Chinese version of OpentTsdb official documents-query performance 07/11 Update SLTechnology News&Howtos

Chinese version of OpentTsdb official documents-query performance

2025-07-11 Update From: SLTechnology News&Howtos shulou NAV: SLTechnology News&Howtos > Internet Technology >

Shulou(Shulou.com)06/03 Report--

Caching

OpenTSDB does not have a built-in cache at this time (except for the built-in GUI that will cache PNG image files for 60 seconds). Therefore, we can only rely on the cache of the underlying database. In HBase (the most common OpenTSDB backend), there is a concept of block caching that stores blocks of rows and columns in memory when writing and / or reading. Nick Dimiduck's Block Cache 101is a good primer. A good way to set up the cache is to use the BucketCache cache and set the L1 cache size to be quite large so that it can act as a write cache and keep most of the latest data in memory. Then, when the user runs the query, the L2 cache can keep the frequently queried data in memory.

takes a closer look at region server's GC pause. Users usually run bucket cache in out-of-heap mode, but serialization between Java and JNI still comes at a cost in out-of-heap cache hits and writes.

also, make sure that compression is enabled for the HBase table. Blocks are stored in memory using the compression algorithm specified in the table, so more compressed blocks can be cached than uncompressed blocks.

One Out of Many Queries

if you typically look for queries for one or two time series in a metric (that is, multiple label values are different), make sure that version 2.3 or later is used and that explicitTags is enabled in the query. The query must list all the tags key associated with the data you are looking for, but it enables special filters on the HBase, which will help reduce the number of rows scanned. Please refer to query filter for details.

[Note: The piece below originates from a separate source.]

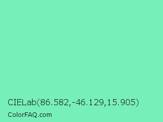 CIELab 86.582,-46.129,15.905 Color is a light green color and the nearest color is Bermuda #7dd8c6. Hex code #77efb9 and RGB value is rgb(119,239,185). In RGB color space, this color is composed of 47% red, 94% green, 73% blue, In CMYK color space, this color is composed of 50% cyan, 0% magenta, 23% yellow , 6% black , In HSL color space, this color has a hue angle of 153° , 79% saturation and 70% lightness.
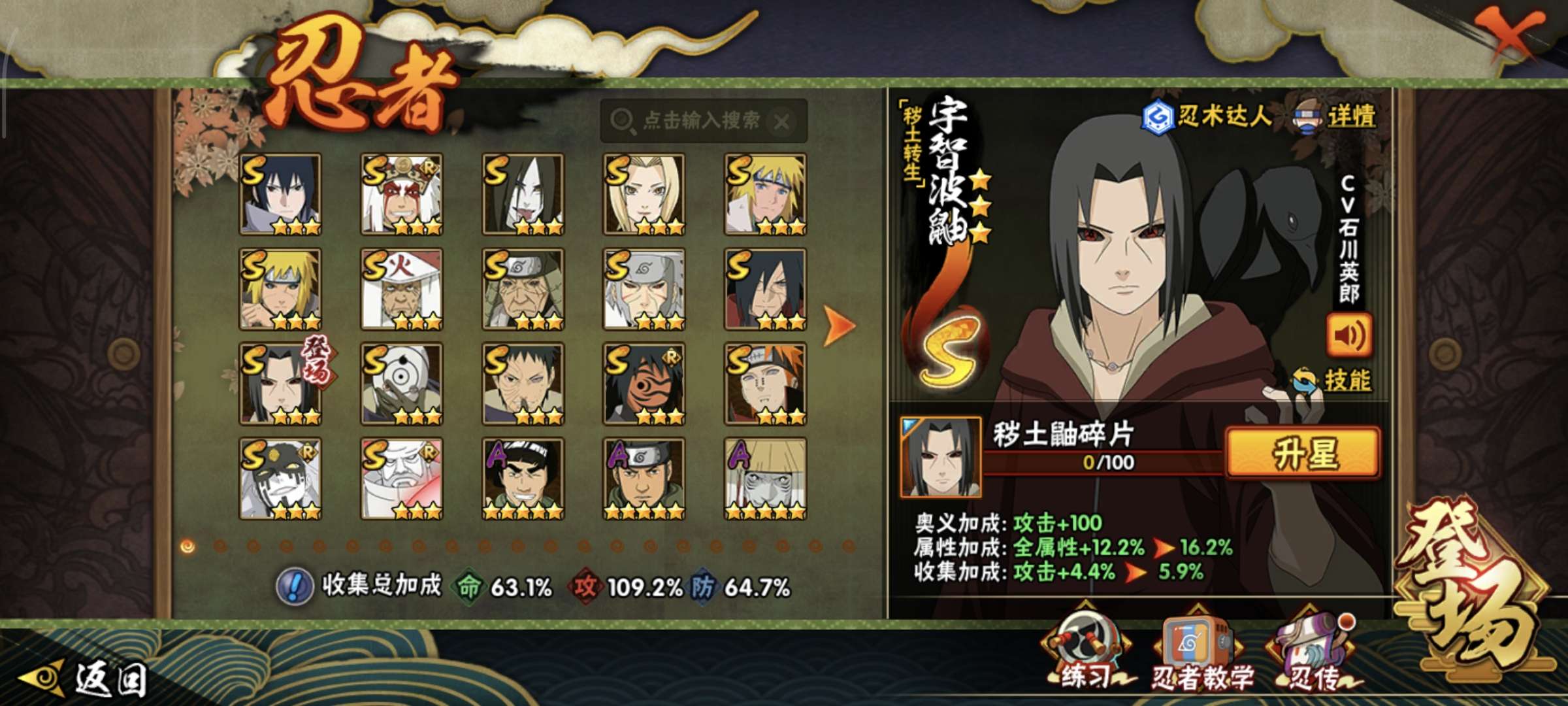 v13,997w战力,20S级忍者数-33A级忍者数,传说自来也73片,红夜面

or, if you put a high cardinality tag in the metric name, this will greatly reduce the amount of data scanned during the query and improve performance. See Writing data for more information

High cardinality query

The best way for to improve the performance of queries that aggregate many time series is to run OpenTSDB 2.2 or later with salting enabled and run multiple regionserver in the HBase cluster. This executes the query in parallel, taking a subset of data from each regionserver and merging the results. For example, for a single regionserver, the query may take 10 seconds to complete. When using salting to write the same data to five regionserver, the same query takes about 2 seconds, which is determined by the time required for the slowest regionserver response. Merging collections is usually trivial.

Wide time range query

If observes a bottleneck between TSD and consumer applications, such as UI or API clients, then downsampling can be used and benefit from queries that view a wide time range (such as months or years). Using a drop sampler will reduce the amount of data serialized by TSD and sent to the user.

However, if there is a bottleneck between storage (HBase) and TSD, the best solution is to start writing data to the volume using OpenTSDB version 2.4 or later. This requires the external system to calculate the time-based rollup and write it to storage. Alternatively, the UI or API client can execute multiple queries and merge the results against multiple TSD with a small time span. In the future, we plan to add these features directly to TSD.

General optimization

Other things that needs to consider:

Multiple readable TSD

runs multiple TSD dedicated to reading data and places load balancers in front of them. This is the most common setting observed when running OpenTSDB and allows you to upgrade TSD by rotation without shutting down the entire system.

Tuning storage

HBase has many parameters that can be adjusted, and in general, most OpenTSDB bottlenecks come from HBase. Be sure to monitor the server, especially queues, caching, response time, CPU and GC.

Educational users

does not have a database system to avoid long-running or resource-wasting queries. Users are required to start with a smaller time range, such as 1 hour, and gradually increase the time range. It can also be a bad idea to help users understand the cardinality and how to request high_cardinality_tag_key=*.

Welcome to subscribe "Shulou Technology Information " to get latest news, interesting things and hot topics in the IT industry, and controls the hottest and latest Internet news, technology news and IT industry trends.

*The comments in the above article only represent the author's personal views and do not represent the views and positions of this website. If you have more insights, please feel free to contribute and share.